▶ **Exercise requirements**: Write the listing out again word for word. Pictures do not belong in the copy.

==== Information shown

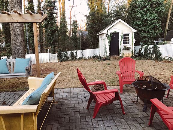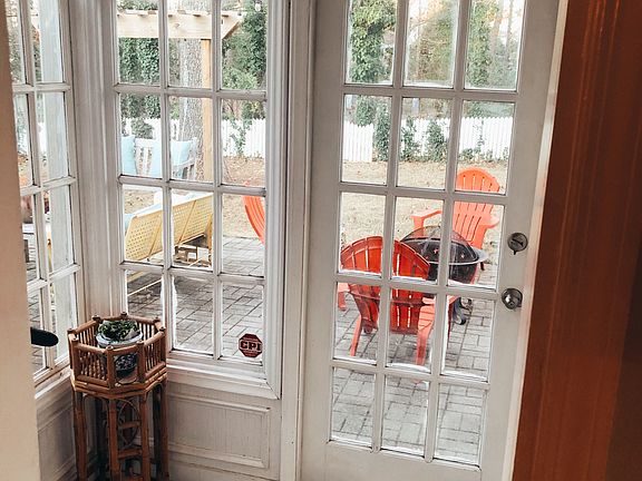 RARE OPPORTUNITY to be in ever popular Sunset Hills! Charming painted brick home w/hardwood flooring, classic black & white checkerboard tile, plantation blinds, vinyl replacement windows, pretty fireplace with gas logs, wired shed, brick patio & fenced yard. Updated kitchen with quartz countertops gas cooktop and oven, vented exhaust hood, stainless appliances and farmhouse style cast iron sink. Currently has a CPI Security system (installed in 2018) and built in sound system inside and outside.
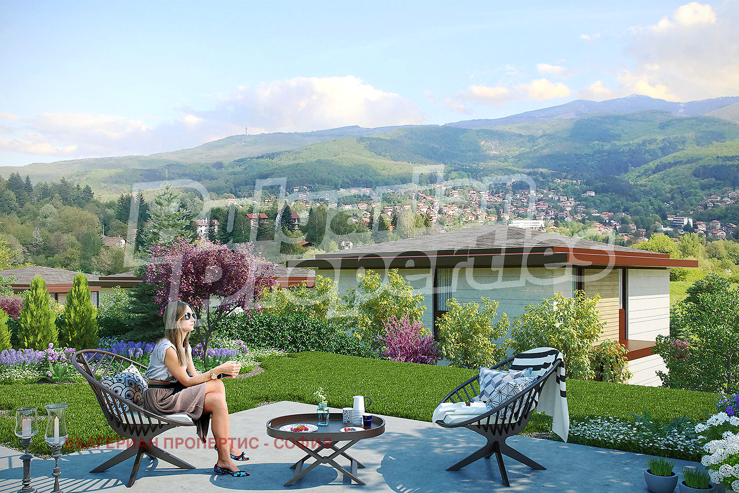 Максимално остъклените фасадни стени на жилищните помещения и просторните зелени дворове, явяващи се естествено продължение на интериорните пространства, са изцяло подчинени на концепцията за функционална и спокойна жилищна среда, която естествено и непринудено функционира в единство с природата! Къщите са разгърнати ветрилообразно, всяка една с изложение на всички жилищни помещения изцяло насочени и отворени към панорамата на Витоша. Във функционално отношение къщите са сходни с малки различия по отношение на терена и реда, на който са разположени.
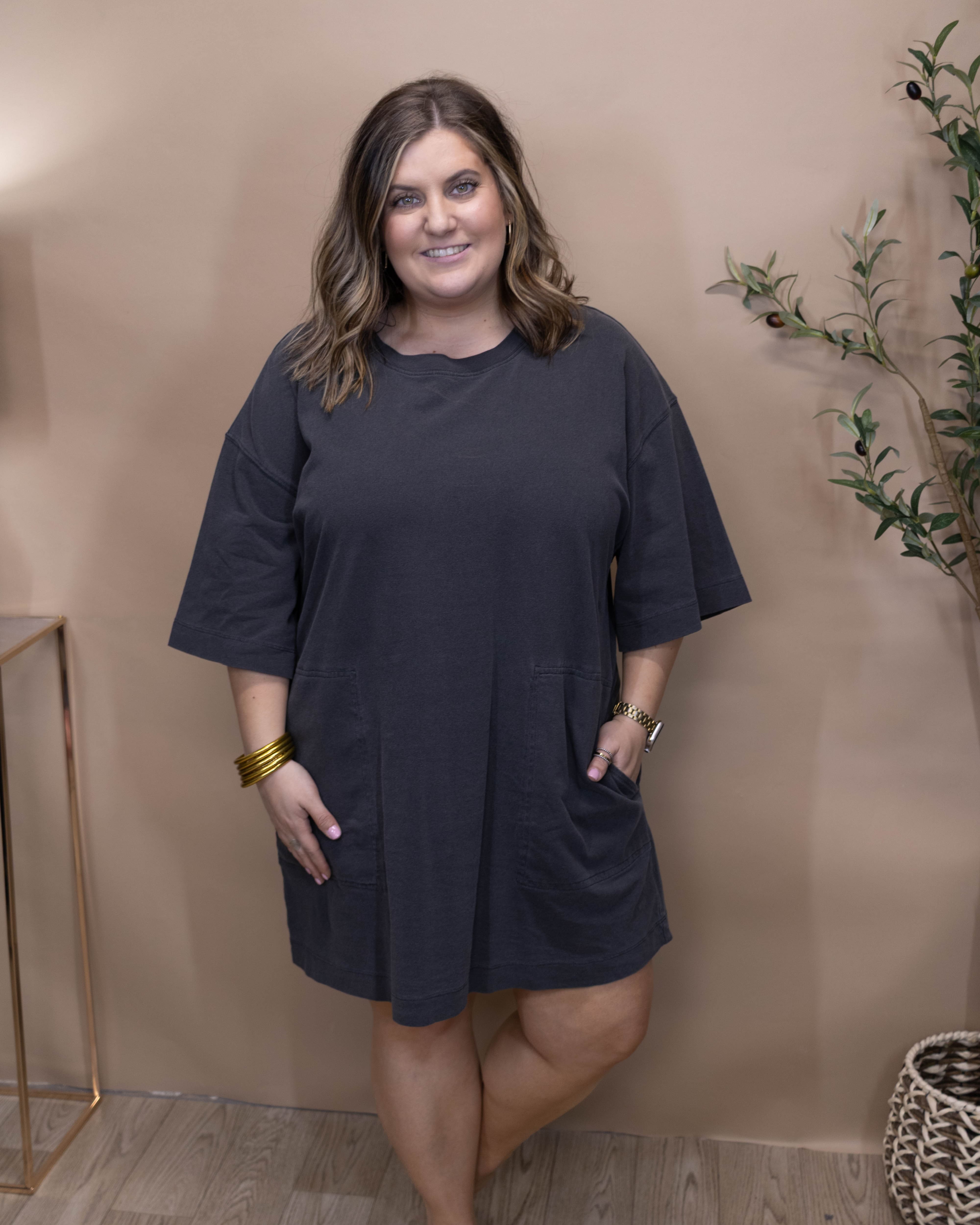 The Never Too Late Dress in black combines casual comfort with practical style. Made from soft T-shirt material, it offers a relaxed fit that feels great all day long. Featuring convenient pockets, this dress is perfect for effortless wear whether you're out and about or relaxing at home.

========

▶ **Response to this task**:
 RARE OPPORTUNITY to be in ever popular Sunset Hills! Charming painted brick home w/hardwood flooring, classic black & white checkerboard tile, plantation blinds, vinyl replacement windows, pretty fireplace with gas logs, wired shed, brick patio & fenced yard. Updated kitchen with quartz countertops gas cooktop and oven, vented exhaust hood, stainless appliances and farmhouse style cast iron sink. Currently has a CPI Security system (installed in 2018) and built in sound system inside and outside.
 Максимално остъклените фасадни стени на жилищните помещения и просторните зелени дворове, явяващи се естествено продължение на интериорните пространства, са изцяло подчинени на концепцията за функционална и спокойна жилищна среда, която естествено и непринудено функционира в единство с природата! Къщите са разгърнати ветрилообразно, всяка една с изложение на всички жилищни помещения изцяло насочени и отворени към панорамата на Витоша. Във функционално отношение къщите са сходни с малки различия по отношение на терена и реда, на който са разположени.
 The Never Too Late Dress in black combines casual comfort with practical style. Made from soft T-shirt material, it offers a relaxed fit that feels great all day long. Featuring convenient pockets, this dress is perfect for effortless wear whether you're out and about or relaxing at home.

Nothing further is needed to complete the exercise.